* EXERCISE DIRECTIONS
Below are some records. Return exactly their lines from the one containing "Wenn du noch" through the one containing "团队到此乘环保观光车进入景区", and drop the pictures.

* SUPPLIED RECORDS
____________________
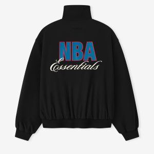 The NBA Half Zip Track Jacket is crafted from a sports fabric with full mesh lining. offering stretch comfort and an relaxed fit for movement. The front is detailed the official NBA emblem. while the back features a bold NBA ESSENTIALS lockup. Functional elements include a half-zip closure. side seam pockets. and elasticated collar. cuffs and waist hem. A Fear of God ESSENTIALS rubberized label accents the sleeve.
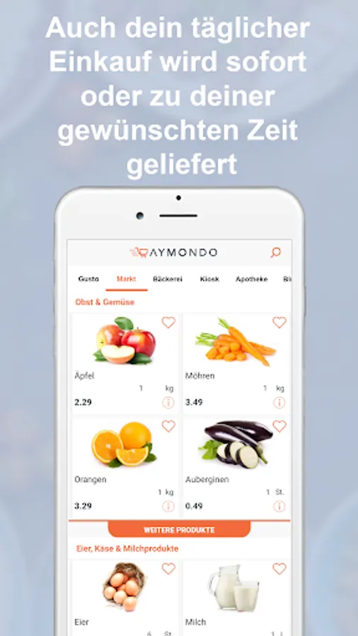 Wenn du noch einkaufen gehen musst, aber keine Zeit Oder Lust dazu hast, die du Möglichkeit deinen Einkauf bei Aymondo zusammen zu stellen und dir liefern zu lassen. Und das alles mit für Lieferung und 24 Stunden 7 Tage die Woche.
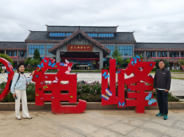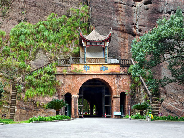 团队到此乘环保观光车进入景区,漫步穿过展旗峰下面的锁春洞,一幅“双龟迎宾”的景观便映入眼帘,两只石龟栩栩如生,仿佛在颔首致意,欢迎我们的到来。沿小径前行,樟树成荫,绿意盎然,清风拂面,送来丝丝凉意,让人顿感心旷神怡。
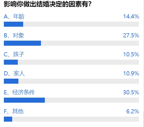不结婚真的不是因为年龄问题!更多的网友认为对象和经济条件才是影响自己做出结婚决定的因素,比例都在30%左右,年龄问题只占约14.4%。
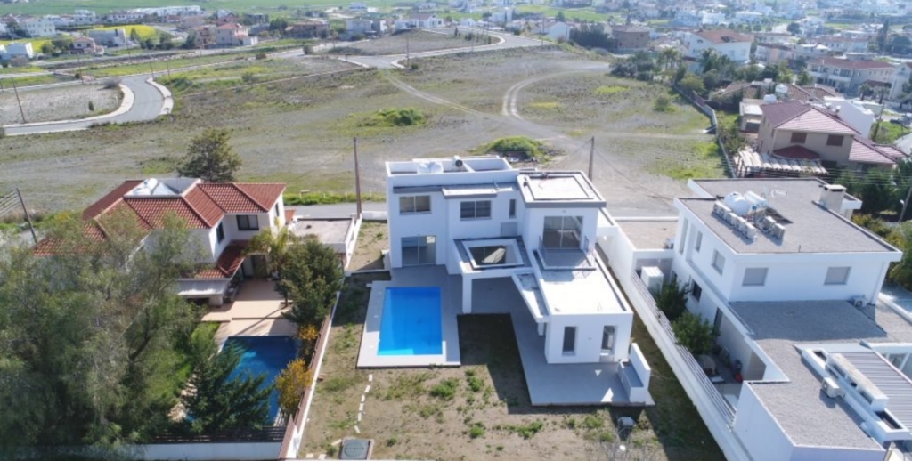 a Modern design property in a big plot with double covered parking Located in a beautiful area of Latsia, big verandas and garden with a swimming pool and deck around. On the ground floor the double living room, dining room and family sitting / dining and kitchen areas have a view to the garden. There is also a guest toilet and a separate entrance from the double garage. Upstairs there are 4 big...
____________________
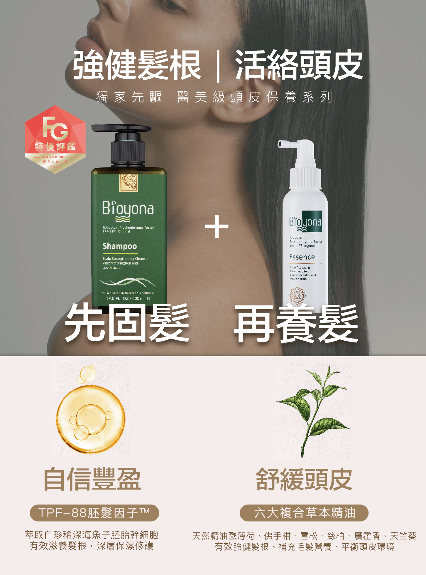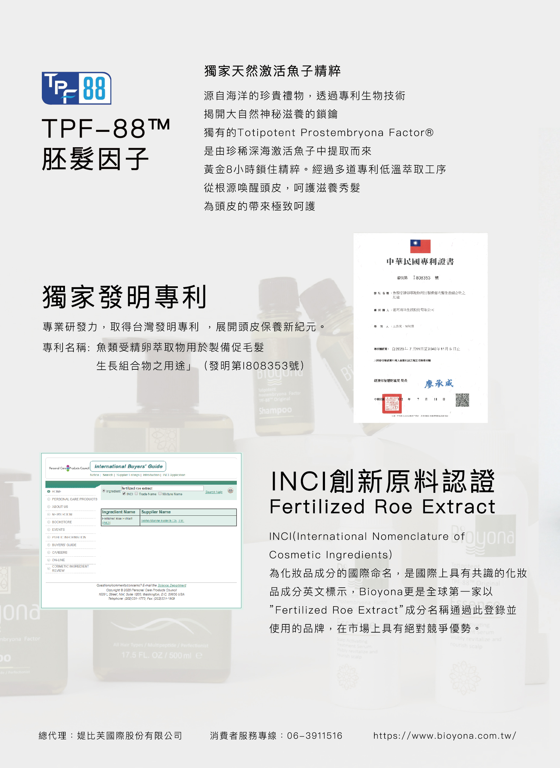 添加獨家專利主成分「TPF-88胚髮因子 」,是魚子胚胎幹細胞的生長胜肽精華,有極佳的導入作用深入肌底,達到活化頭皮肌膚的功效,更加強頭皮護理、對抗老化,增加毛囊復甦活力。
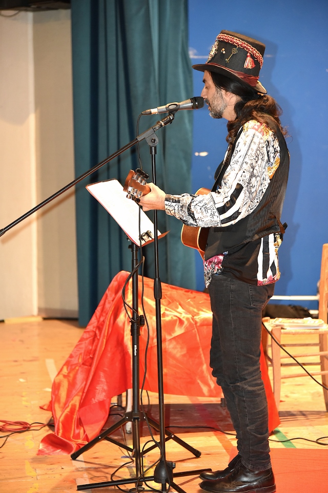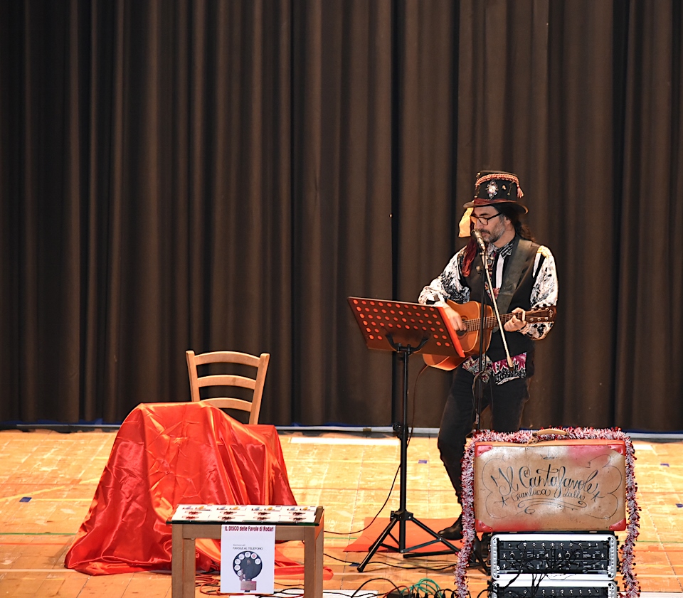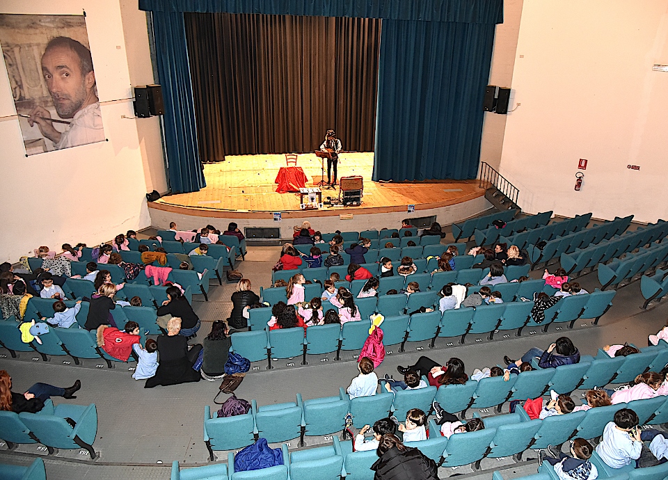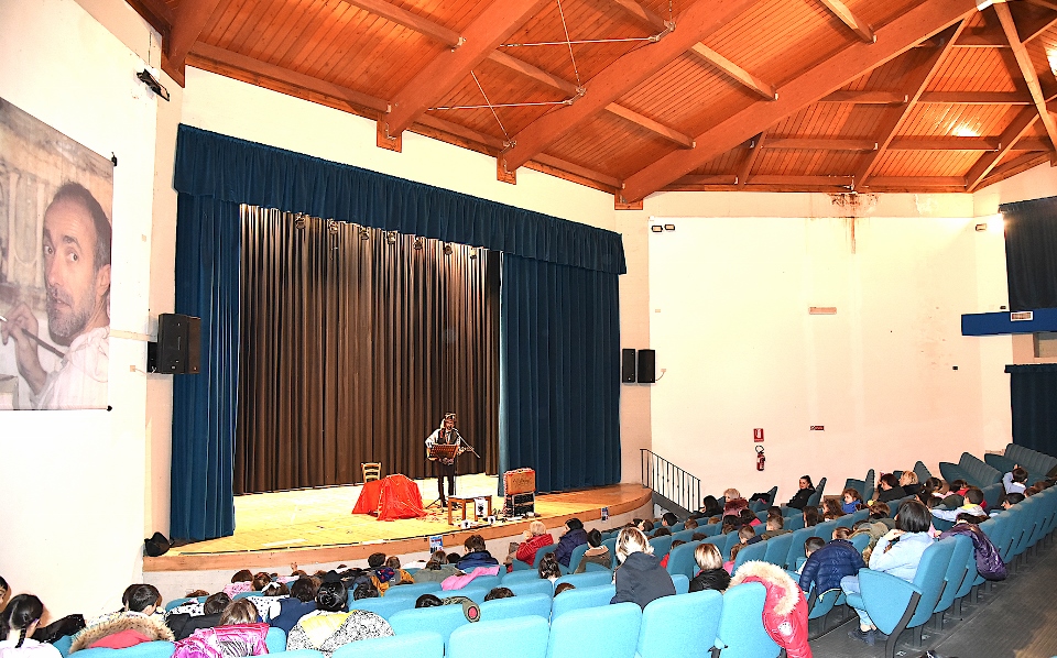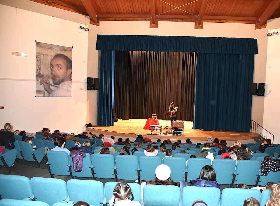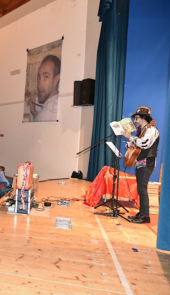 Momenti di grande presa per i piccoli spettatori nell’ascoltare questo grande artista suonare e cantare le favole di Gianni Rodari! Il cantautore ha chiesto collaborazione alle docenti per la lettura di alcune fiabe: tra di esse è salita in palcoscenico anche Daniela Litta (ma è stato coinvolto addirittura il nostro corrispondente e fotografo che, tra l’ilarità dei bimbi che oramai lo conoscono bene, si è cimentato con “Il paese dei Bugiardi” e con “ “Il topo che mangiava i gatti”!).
____________________
* REPLY TO THE EXERCISE
 Wenn du noch einkaufen gehen musst, aber keine Zeit Oder Lust dazu hast, die du Möglichkeit deinen Einkauf bei Aymondo zusammen zu stellen und dir liefern zu lassen. Und das alles mit für Lieferung und 24 Stunden 7 Tage die Woche.
 团队到此乘环保观光车进入景区,漫步穿过展旗峰下面的锁春洞,一幅“双龟迎宾”的景观便映入眼帘,两只石龟栩栩如生,仿佛在颔首致意,欢迎我们的到来。沿小径前行,樟树成荫,绿意盎然,清风拂面,送来丝丝凉意,让人顿感心旷神怡。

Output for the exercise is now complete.